An IRS audit will cover all sorts of interesting things; but the actual, as opposed to the declared, amount of a filer’s income is the one with which the IRS is most concerned. When an audit shows that someone earned far more income than he or she has declared, there will be both back taxes and interest fees to pay.
If you find yourself on the paying end of these taxes, and you don’t have the money to cover them, the government may come after your other assets, including your home. Your home could be put into government foreclosure.
Whenever someone owes more money to the Federal government than they can pay, the government attaches all their assets, monetary and physical. Cars, boats, homes, jewelry, or artwork--any luxury items which will generate good prices--are seized and sold.
Those who only owe the government a few hundreds or thousands of dollars, however, are not going to have their homes seized as government foreclosures. They are more likely to have a payment plan offered to them. But for those whose government debt measures in the hundreds of thousands, or millions, of dollars, government foreclosures are almost guaranteed.

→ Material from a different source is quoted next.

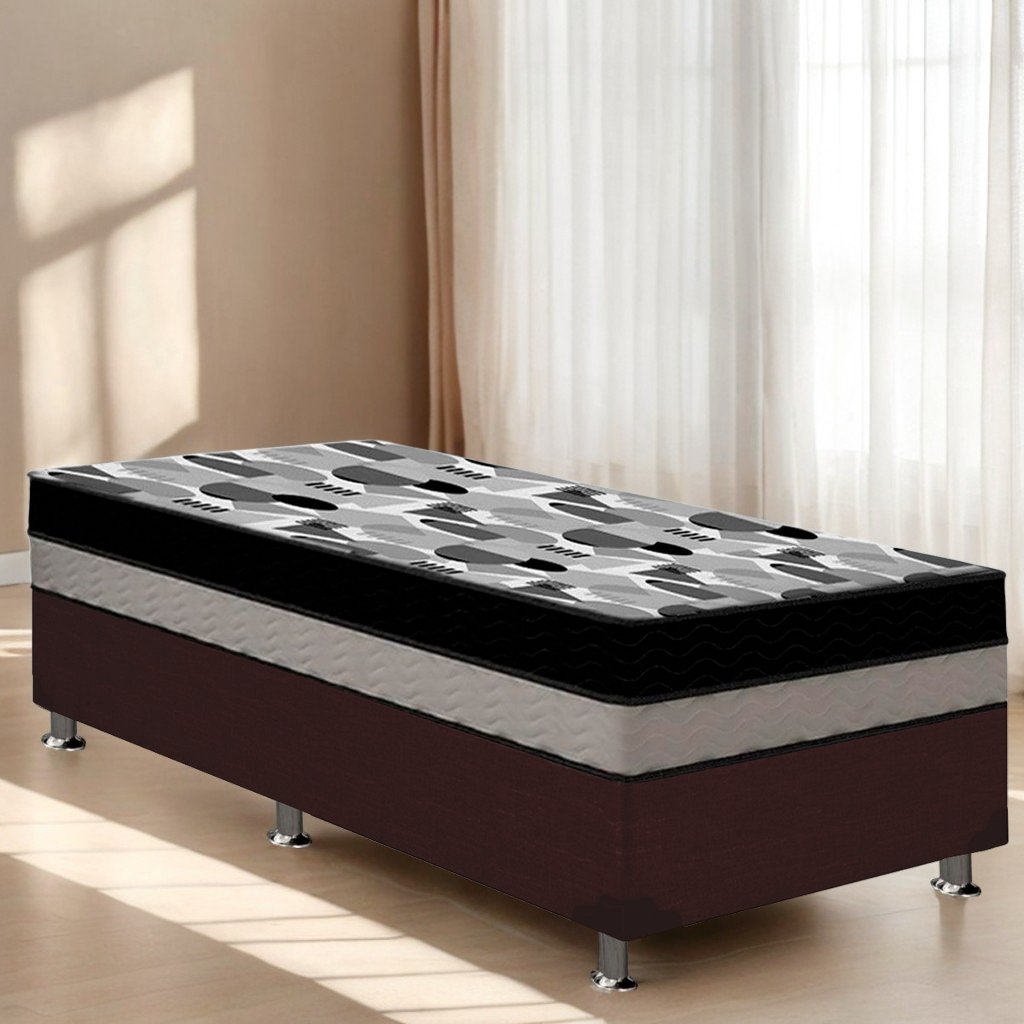 Colchão Solteiro ISO Dupla Face + Base Box Simples Corino Marrom – ORTOBOM + ALTO NÍVEL CAMAS E COLCHÕES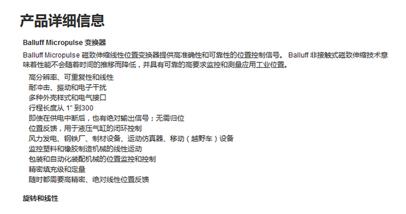 ·高分辨率、可重复性和线性·耐冲击、振动和电子干扰·多种外壳样式和电气接口·行程长度从1"到300·即使喜爱供电中断后,也有绝对输出信号,无需归位·位置反馈,用于液压气缸的闭环控制·风力发电、钢铁厂、制材设备、运动仿真器、移动(越野车)设备·监控塑料盒橡胶制造机械的线性运动·包装和自动化装配机械的位置监控和控制·精密填充级和定量·随时都需要高精度、绝对线性位置反馈

Government foreclosures are not to be taken lightly, and will be a part of your permanent financial history. They can even cost you everything you have, from bank accounts, investment portfolios, and vehicles to residences. Government foreclosures leave no stone unturned in finding the assets to payoff your government debt.
Government Foreclosures: The Auctions
In order to get it money, the government will sometimes hold auctions at which it sells the items seized in government foreclosures. Luxury cars, yachts, planes, entertainment equipment, jewelry, and even homes will go to the parties who place the highest bids, and often at prices greatly discounted to their real value.
The information on government foreclosures auctions I posted in local newspapers; it is also available from the nearest government agency. A phone call will provide you with everything you need to know about the location and time of the next auction; the government is more than willing to help people participate in the auctions so that the debts will be at least partially paid.
Government foreclosures are a last-ditch effort for the government to recover what it is owed, and usually lead to someone’s life being devastated. But they are a last resort; the government will try hard to find other way for debtors to pay back what they owe before turning to foreclosure.
The lesson? File an honest tax return, pay what you owe when it is due, and never give government foreclosures a second thought.